Otto went to Dönninghausen very gay of mood, and at his request, immediately after the second breakfast, all drove, even Aunt Thekla, to Tannhagen.
The road led at first through Klausenburg, then turned to the left, and continued by an easy ascent up the mountain through a magnificent forest. Far up they crossed the road to the Forest Hermitage, then descended a short distance, and upon reaching the edge of the woodland, descried, through the gray veil of the falling rain, a long valley with a little village, and at the farther end a large farm.

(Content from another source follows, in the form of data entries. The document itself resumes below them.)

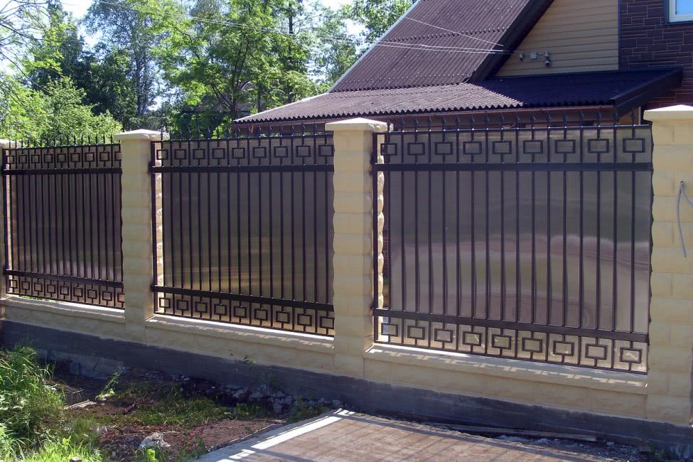Обычно из кирпича сооружают столбы, фундамент и другие несущие конструкции. Профилированные листы, штакетник, металлические сварные или кованые конструкции используют для изготовления секций.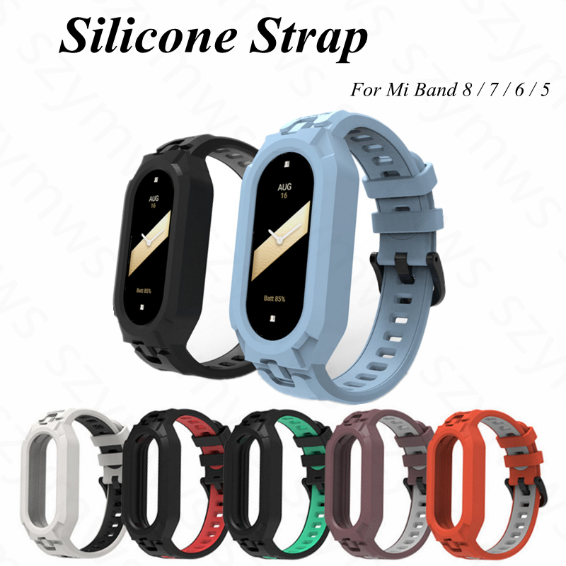 2 Em 1 Case + Strap Para Xiaomi Mi Band 8/7/6/5 Pulseira Esportiva De Silicone Band8 Substituição Smart WristBand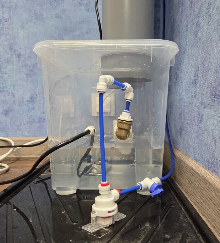Для второй версии я уже знал что хочу, а именно более компактный бак, все коммуникации с лицевой стороны, отсутствие ввода провода через крышку, также разместить уз модуль более удачно чтобы он меньше брызгал. Для второй версии я взял контейнер немного поменьше, а именно 38.9x28.6x27.5, да он более высокий, но это не важно. https://lemanapro.ru/product/yashchik-kristall-389x286x275-sm-22-l-plastik-s-kryshkoy-cvet-prozrachnyy-18421410/ Для того чтобы установить канализационные трубы в крышку ящика я купил две коротких трубы (15 см) и отпилил от них раструбы.

"That is Tannhagen," said the Freiherr.
Johanna was disappointed; from the name she had expected a woodland nook. But her grandfather praised the meadows and fields through which they drove, the sheltered position of the valley, which made it possible and profitable to grow fruit even here among the mountains, and Otto seemed to agree with all he said.
The farm-buildings, too, the barns and stables, the farm-yard, with its well-built walls and green gates, made the best possible impression; but the old two-storied mansion that formed one side of the farm-yard looked, with its gray walls, its projecting tiled roof, and its small windows, like a peasant's habitation. In summer its ugliness might be partly concealed by the two tall chestnuts before the door, but now their bare boughs, dripping with rain, made the melancholy picture still more melancholy.